WORK TO BE COMPLETED:
Below, some lines carry pictures; leave those pictures out and retype exactly the lines from the one with "ဦးသန်းစိုးသည် မြန်မာနိုင်ငံဆိုင်ရာ အိန္ဒိယနိုင်ငံ" through the one with "Komoda ze sektorové".

---------- EXTRACTED MATERIAL

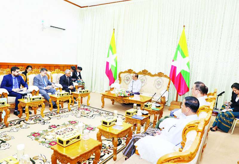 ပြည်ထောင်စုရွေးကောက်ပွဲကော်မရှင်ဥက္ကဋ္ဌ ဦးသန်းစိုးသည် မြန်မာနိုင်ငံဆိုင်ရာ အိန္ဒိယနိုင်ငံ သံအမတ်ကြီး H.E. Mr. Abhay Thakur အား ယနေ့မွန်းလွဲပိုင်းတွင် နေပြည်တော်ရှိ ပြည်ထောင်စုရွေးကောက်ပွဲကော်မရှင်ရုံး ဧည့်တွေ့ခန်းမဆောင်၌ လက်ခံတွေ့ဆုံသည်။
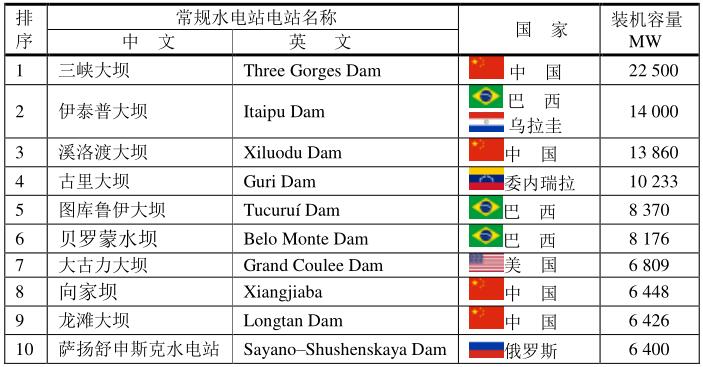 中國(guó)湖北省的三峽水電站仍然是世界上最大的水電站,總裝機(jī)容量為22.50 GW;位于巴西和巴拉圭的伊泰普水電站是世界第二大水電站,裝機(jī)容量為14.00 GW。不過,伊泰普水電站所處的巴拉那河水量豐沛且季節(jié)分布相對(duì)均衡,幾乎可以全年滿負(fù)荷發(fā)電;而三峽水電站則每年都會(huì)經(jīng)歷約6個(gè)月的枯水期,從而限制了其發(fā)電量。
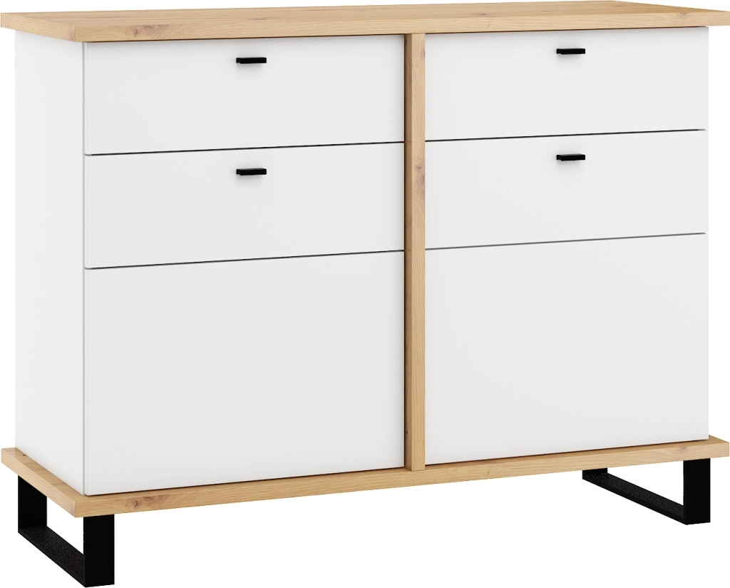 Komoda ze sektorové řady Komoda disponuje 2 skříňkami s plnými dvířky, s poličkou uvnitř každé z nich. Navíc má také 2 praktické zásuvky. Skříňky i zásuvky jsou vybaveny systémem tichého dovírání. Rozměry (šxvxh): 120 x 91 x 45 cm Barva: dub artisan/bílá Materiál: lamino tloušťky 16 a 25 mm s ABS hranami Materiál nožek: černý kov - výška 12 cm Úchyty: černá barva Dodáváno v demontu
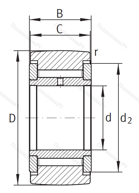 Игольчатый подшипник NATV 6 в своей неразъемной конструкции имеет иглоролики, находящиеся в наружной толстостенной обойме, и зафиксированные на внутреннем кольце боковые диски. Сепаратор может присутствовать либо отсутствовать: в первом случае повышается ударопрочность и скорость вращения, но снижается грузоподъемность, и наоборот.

--------------------
---------- EXTRACTED MATERIAL

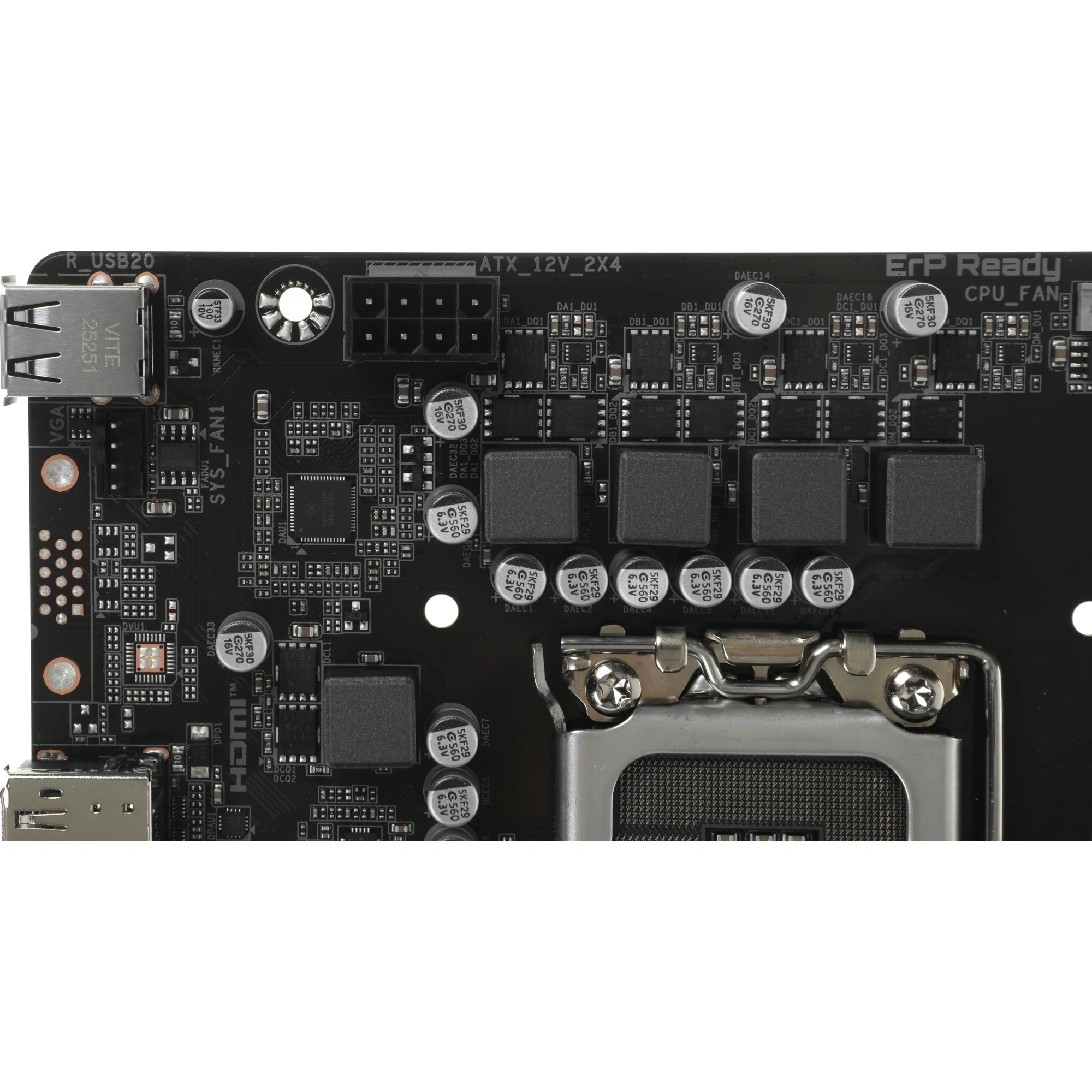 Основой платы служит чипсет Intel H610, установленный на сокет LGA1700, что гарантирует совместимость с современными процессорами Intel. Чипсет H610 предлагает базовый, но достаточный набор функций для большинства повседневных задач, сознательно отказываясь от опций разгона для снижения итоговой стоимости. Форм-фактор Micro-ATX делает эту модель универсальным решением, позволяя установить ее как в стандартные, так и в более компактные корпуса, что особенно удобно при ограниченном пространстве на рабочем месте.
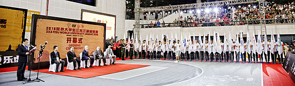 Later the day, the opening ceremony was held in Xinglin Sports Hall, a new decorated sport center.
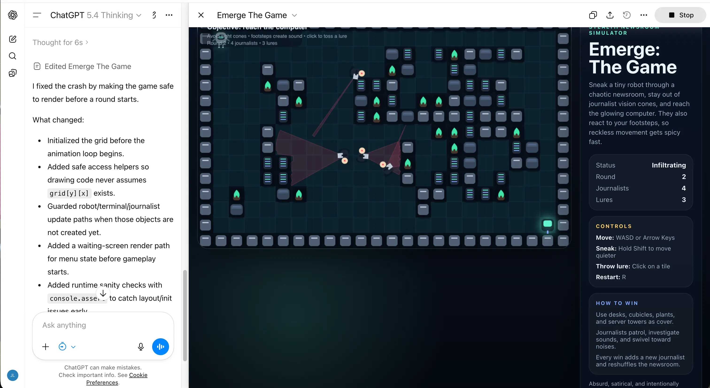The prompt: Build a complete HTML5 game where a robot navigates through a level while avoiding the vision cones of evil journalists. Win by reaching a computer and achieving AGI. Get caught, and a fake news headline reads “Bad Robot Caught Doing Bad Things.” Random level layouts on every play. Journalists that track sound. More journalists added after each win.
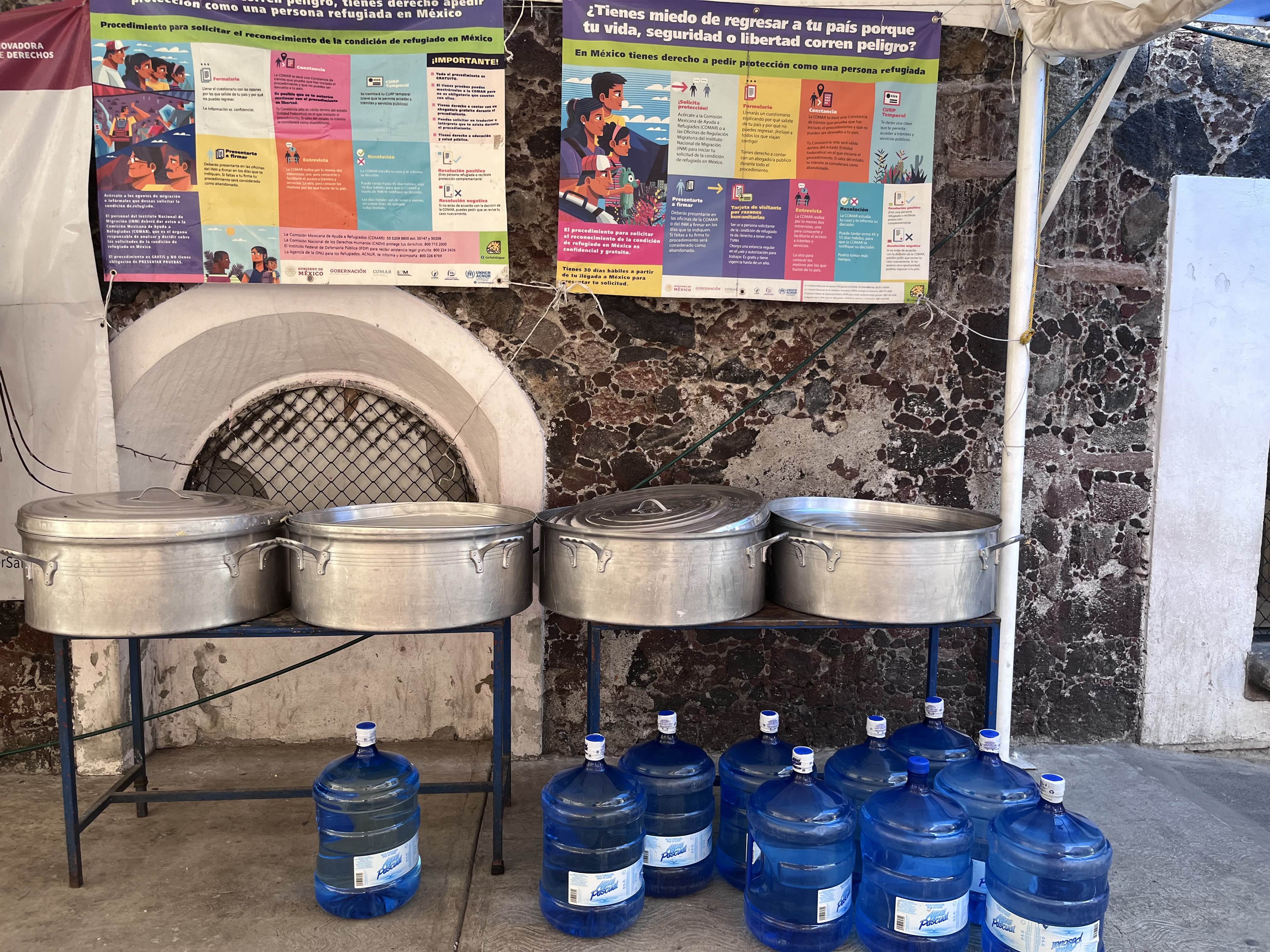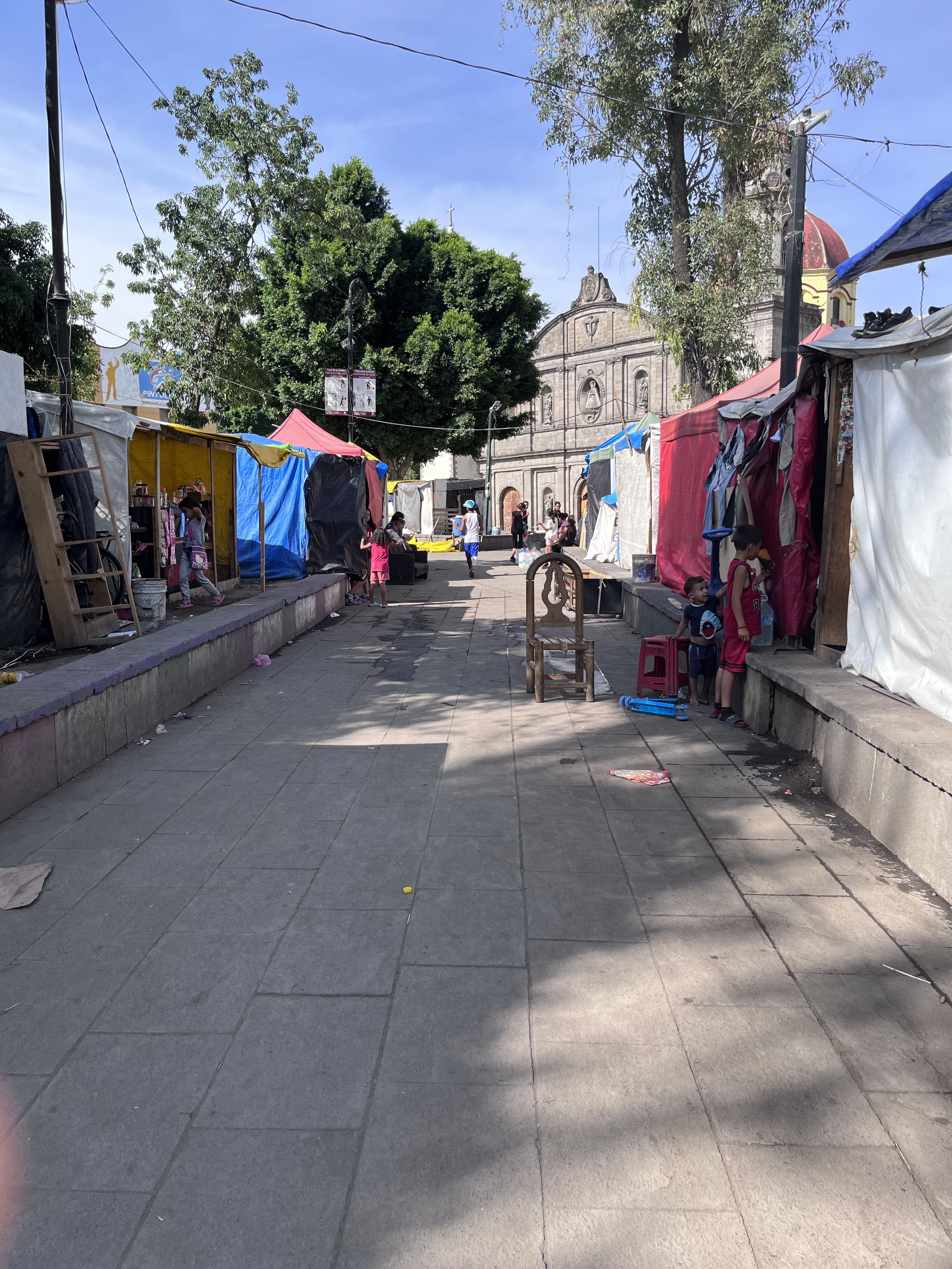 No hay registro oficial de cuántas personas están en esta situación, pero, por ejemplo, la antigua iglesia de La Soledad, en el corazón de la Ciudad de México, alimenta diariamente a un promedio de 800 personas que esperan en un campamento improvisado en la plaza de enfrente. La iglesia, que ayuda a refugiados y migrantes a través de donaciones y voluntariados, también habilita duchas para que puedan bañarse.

--------------------

REPLY TO THE TASK:
 ပြည်ထောင်စုရွေးကောက်ပွဲကော်မရှင်ဥက္ကဋ္ဌ ဦးသန်းစိုးသည် မြန်မာနိုင်ငံဆိုင်ရာ အိန္ဒိယနိုင်ငံ သံအမတ်ကြီး H.E. Mr. Abhay Thakur အား ယနေ့မွန်းလွဲပိုင်းတွင် နေပြည်တော်ရှိ ပြည်ထောင်စုရွေးကောက်ပွဲကော်မရှင်ရုံး ဧည့်တွေ့ခန်းမဆောင်၌ လက်ခံတွေ့ဆုံသည်။
 中國(guó)湖北省的三峽水電站仍然是世界上最大的水電站,總裝機(jī)容量為22.50 GW;位于巴西和巴拉圭的伊泰普水電站是世界第二大水電站,裝機(jī)容量為14.00 GW。不過,伊泰普水電站所處的巴拉那河水量豐沛且季節(jié)分布相對(duì)均衡,幾乎可以全年滿負(fù)荷發(fā)電;而三峽水電站則每年都會(huì)經(jīng)歷約6個(gè)月的枯水期,從而限制了其發(fā)電量。
 Komoda ze sektorové řady Komoda disponuje 2 skříňkami s plnými dvířky, s poličkou uvnitř každé z nich. Navíc má také 2 praktické zásuvky. Skříňky i zásuvky jsou vybaveny systémem tichého dovírání. Rozměry (šxvxh): 120 x 91 x 45 cm Barva: dub artisan/bílá Materiál: lamino tloušťky 16 a 25 mm s ABS hranami Materiál nožek: černý kov - výška 12 cm Úchyty: černá barva Dodáváno v demontu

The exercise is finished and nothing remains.